I’m facing a similar confusion as the original poster (OP), and even after reading the accepted answer, I still have some questions. Here’s a bit about my setup and use case:

  • This setup is for my personal use.
  • I have only one assistant in my program.
  • Each time I start my program, which utilizes the assistant’s API, I retrieve the existing assistant and create a new thread.
  • I don’t upload files directly to the assistant or threads, just in the messages on those threads.
  • Since a new thread is created every time the program starts, I end up with many threads that are not in use but may have attachments.

Given this context, I have a few questions regarding the billing and file management:

  1. File Upload and Billing:
    If I upload two files using the files API, each being 500MB, but only reference one of them (500MB) in a message, am I billed for the 500MB that I used or for the total 1GB because I uploaded both and the assistant has retrieval enabled?
  2. Retrieval Costs:
    If retrieval is enabled but I never reference any file_id in messages, does that mean the assistant incurs no daily cost since it doesn’t reference any files in its messages or threads?
  3. Storage Fees for Unused Threads:
    If I create many threads and reference file_ids in messages within those threads, but never actually perform a “Run” on those threads using the assistants API, am I exempt from storage fees for those files, given that the threads contain file references but were never used?

I would really appreciate any guidance or clarification on these points. Thank you in advance for your help!

I asked the same question basically on a different thread. It’s a mystery to me why the API doesn’t at least returned tokens used for Assistant if not the cost – it can easily do the math!

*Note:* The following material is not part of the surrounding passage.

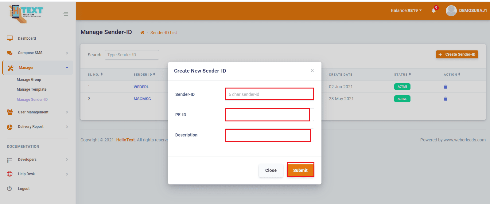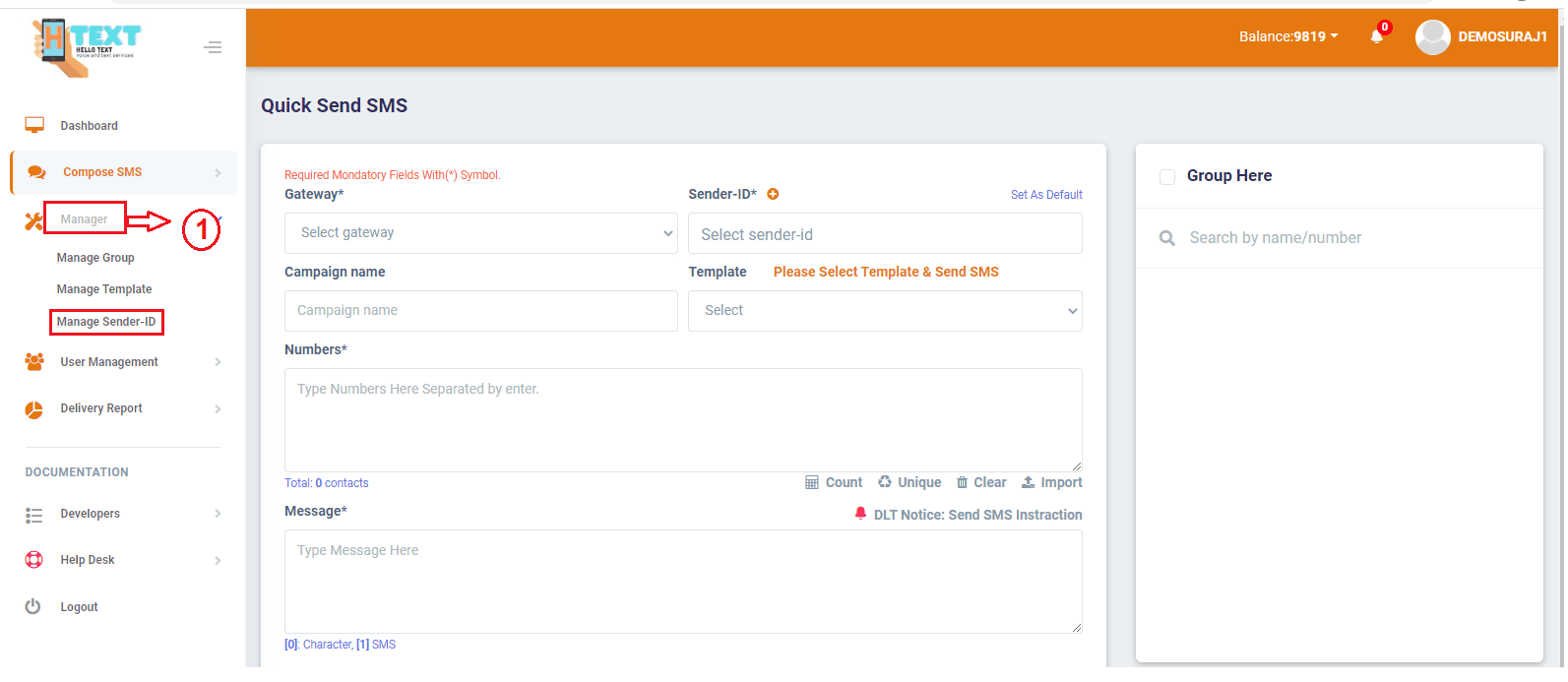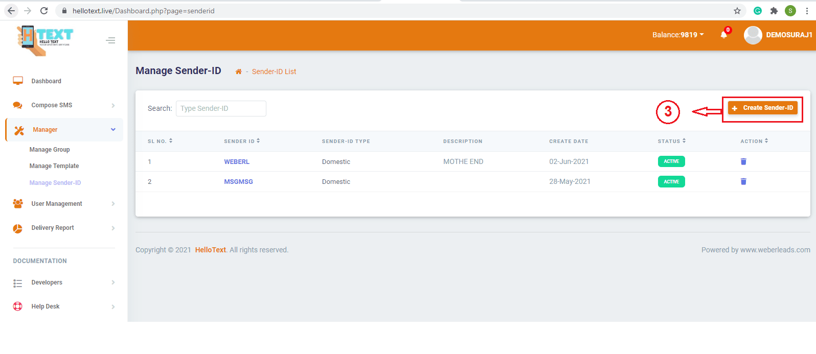 To Create sender ID in hellotext.live click on Manager then click on Manage Sender-ID

It’s a major problem for commercial users who have to build a cost model to see if it is economically feasible to use the functions.

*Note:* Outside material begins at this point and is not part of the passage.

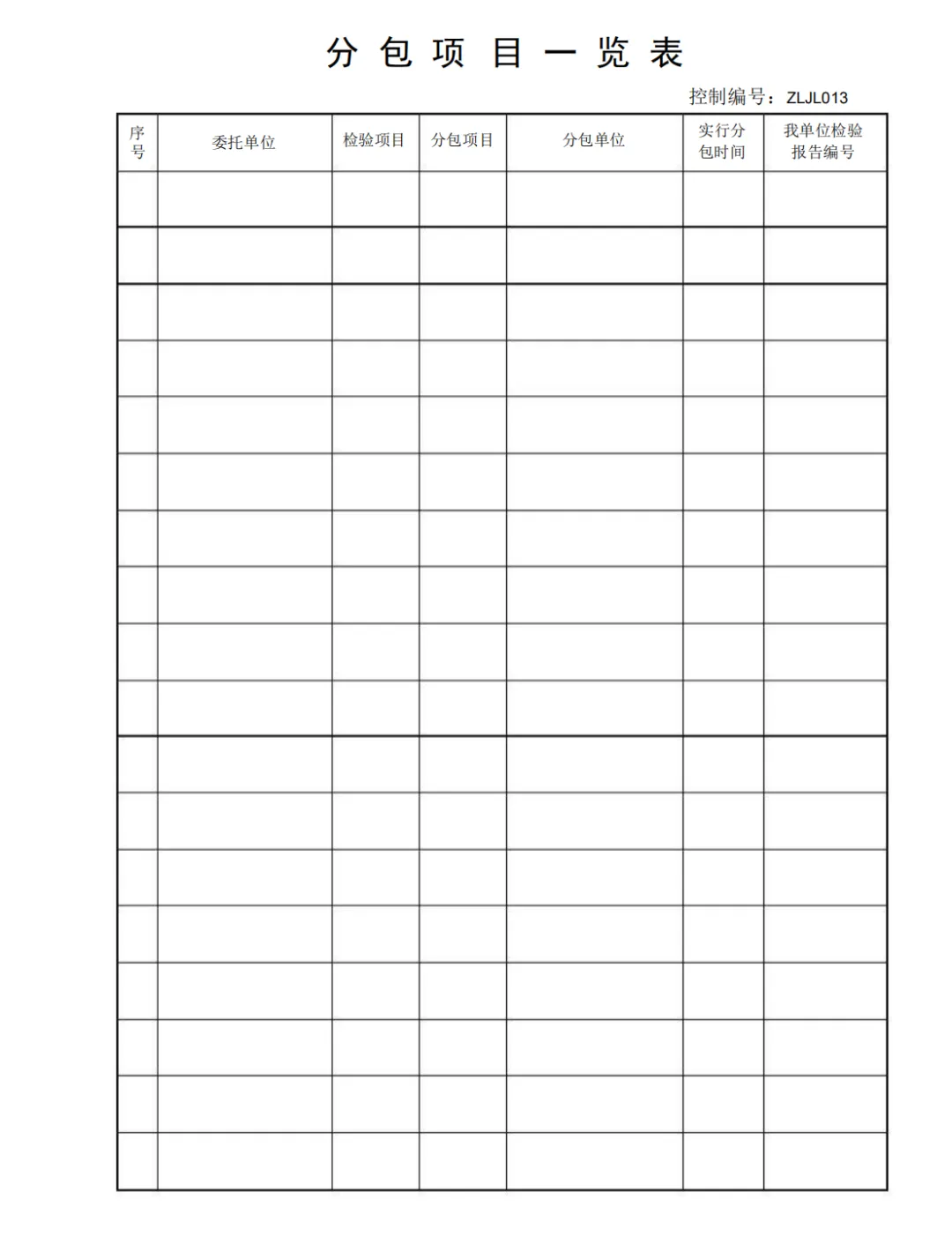 分包项目一览表

I’ve launched an open-source digital assistant called ORION. It leverages various features, including the assistant’s API, text-to-speech, speech-to-text, and seven functions for smart home features, weather updates, and file system tasks. Operating costs are a concern; with all features enabled, daily usage during testing shows approximately $1.5 with GPT-3.5 Turbo, but this can skyrocket to around $5 with GPT-4 Turbo. I haven’t enabled or used retrieval yet, but I do use the code interpreter. In other words, 2x-8x a ChatGPT subscription

I found this just now, which I think clears this up for me.

Retrieval pricing

Retrieval is priced at $0.20/GB per assistant per day. Attaching a single file ID to multiple assistants will incur the per assistant per day charge when the retrieval tool is enabled. For example, if you attach the same 1 GB file to two different Assistants with the retrieval tool enabled (e.g., customer-facing Assistant #1 and internal employee Assistant #2), you’ll be charged twice for this storage fee (2 * $0.20 per day). This fee does not vary with the number of end users and threads retrieving knowledge from a given assistant.

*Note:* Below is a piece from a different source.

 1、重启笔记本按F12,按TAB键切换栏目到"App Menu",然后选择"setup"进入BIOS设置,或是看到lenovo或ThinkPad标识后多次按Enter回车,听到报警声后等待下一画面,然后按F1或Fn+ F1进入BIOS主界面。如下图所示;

In addition, files attached to messages are charged on a per-assistant basis if the messages are part of a run where the retrieval tool is enabled. For example, running an assistant with retrieval enabled on a thread with 10 messages each with 1 unique file (10 total unique files) will incur a per-GB per-day charge on all 10 files (in addition to any files attached to the assistant itself).

note the line specifically talking about files attached to messages:

In addition, files attached to messages are charged on a per-assistant basis if the messages are part of a run where the retrieval tool is enabled.

This seems to imply that you are only charged for indexing if the files are attached when you actually perform a run.